According to Florus it was while Varus was in his summer camp holding court that suddenly the Germans broke in upon him. Mommsen is undoubtedly correct in saying that this ridiculous representation does not reflect real tradition, but a picture of sheer fancy manufactured out of it. Doubtless it is nothing but a rhetorical exaggeration of the silly security into which Varus is represented as having been inveigled, and by which the disaster is dramatically brought about. It is past credibility that the Germans in such numbers could have broken into the Roman camp without arousing suspicion, or without having come into contact with the Roman sentries. And the more so if Varus had already been warned by Segestes of the enemy’s plans. Further, the storming of a single camp is out of harmony with the two camps mentioned by Tacitus, and clearly implied in Dio’s narrative. And it is difficult to believe that Varus would choose such a place for his summer camp—one shut in by forests, swamps, and untrodden ways. The entire description of the place where the battle was fought is far more in keeping with a camp pitched by an army on the march, than with a summer camp, in which Varus exercised the functions of a judicial office. Moreover, Florus’ account is contradicted by Velleius[19], who says that Ceionius, one of the prefects of Varus’ camp, wished to surrender to the enemy just at the time when a large part of the Roman army had fallen in battle. Now if this refers to the first camp, in which the Romans must have left a detachment (for which there is no direct evidence), then the main part of the army must have come out in orderly wise, and no unexpected surprise at the hands of the Germans could have occurred. Or, if it refers to the second camp, it was clearly not the summer camp, as Florus relates.

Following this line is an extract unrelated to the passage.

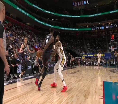 但不一樣的地方在于,杜倫這場多了很多平時很少見到的“坎寧安式傳球”,比如長傳、不看人背傳。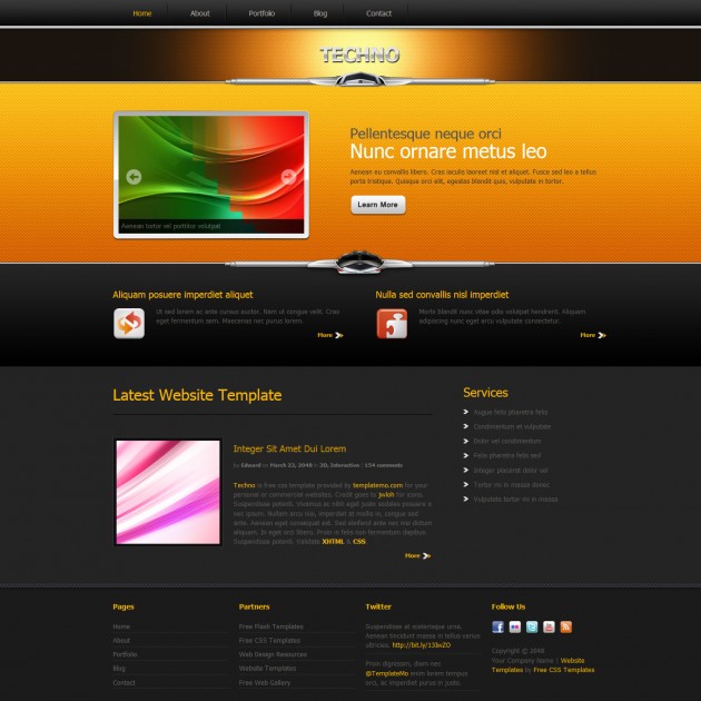 Ещё один красивый CSS шаблон в тёмных тонах — techno

Florus’ account is by no means a bare narration of events, nor does he bring forward events in their sequence. His choice both of materials and the grouping of facts is with reference to the leading thought. The very words introducing the story of the Germanic wars show that they serve as the theme for the part that follows: “Germaniam quoque utinam vincere tanti non putasset! magis turpiter amissa est quam gloriose adquisita.” The same is true of the words by which he passes on to the events under Varus’ rule: “sed difficilius est provinciam obtinere quam facere.”[20] Having assumed that Augustus conquered Germany, Florus seeks to maintain the thesis that the government of a province is a difficult undertaking; that Varus took the task all too lightly, and as a result Germany was ignominiously lost. It is significant that Florus is the only author who asserts that Augustus wished to conquer Germany. And the reason assigned for this conquest is as follows: “set quatenus sciebat patrem suum C. Caesarem bis transvectum ponte Rhenum quaesisse bellum, in illius honorem concupierat facere provinciam.”[21] It is absurd to believe that Augustus ever intended to make a province of Germany for so puerile a reason as merely to honor Julius Caesar, for the latter “had not charged the heirs of his dictatorial power with the extension of Roman territory on the north slope of the Alps and on the right banks of the Rhine so directly as with the conquest of Britain.”[22] If Augustus had desired to make a province in honor of his father, he would doubtless have conquered Britain instead, in accordance with Caesar’s supposed wish. Julius Caesar’s expeditions against the Germans were, as stated by Mommsen himself[23], merely forward movements of defense. And it seems reasonable to assume that Augustus did not, as Florus tells us, wish to conquer Germany, but was merely continuing in a more extensive manner the policy of his father.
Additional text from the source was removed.